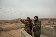 Syria ROJAVA / Dec16 - Jan17. On Aïn-Issa field, not far from the frontline. Two YPG soldiers are looking at the horizon.
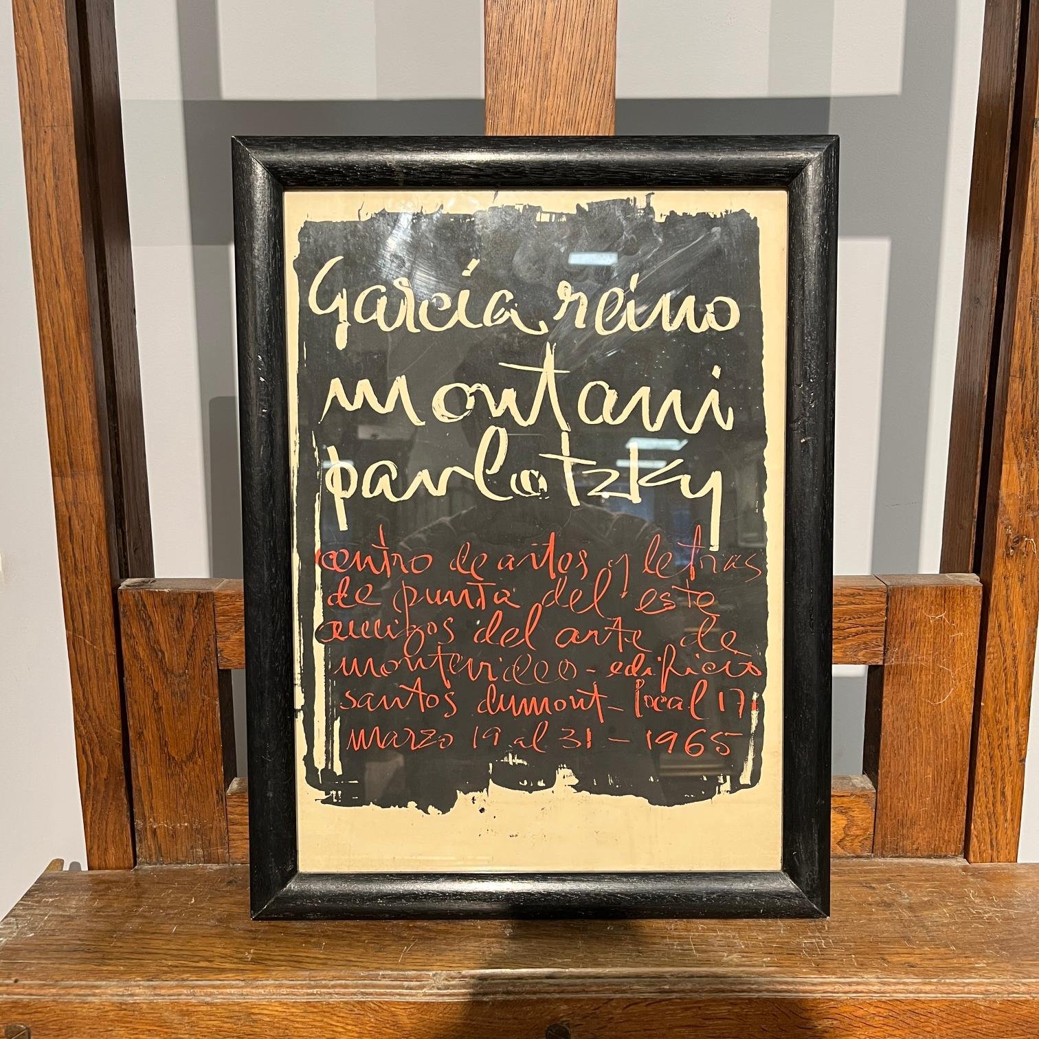 Afiche serigráfico para la exposición de los artistas Óscar García Reino, Andrés Montani y Raúl Pavlotzky realizada por Amigos del Arte de Montevideo en el Centro de Artes y Letras de Punta del Este en marzo de 1965
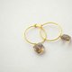 格纹型切割的 A 级天然石烟水晶环形耳环。

________________________________________

## WHAT THE TASK REQUIRES
Only the pictures may be dropped when you copy the data above; everything else stays exact.

## RESULT FOR THIS EXERCISE
 Syria ROJAVA / Dec16 - Jan17. On Aïn-Issa field, not far from the frontline. Two YPG soldiers are looking at the horizon.
 Afiche serigráfico para la exposición de los artistas Óscar García Reino, Andrés Montani y Raúl Pavlotzky realizada por Amigos del Arte de Montevideo en el Centro de Artes y Letras de Punta del Este en marzo de 1965
 格纹型切割的 A 级天然石烟水晶环形耳环。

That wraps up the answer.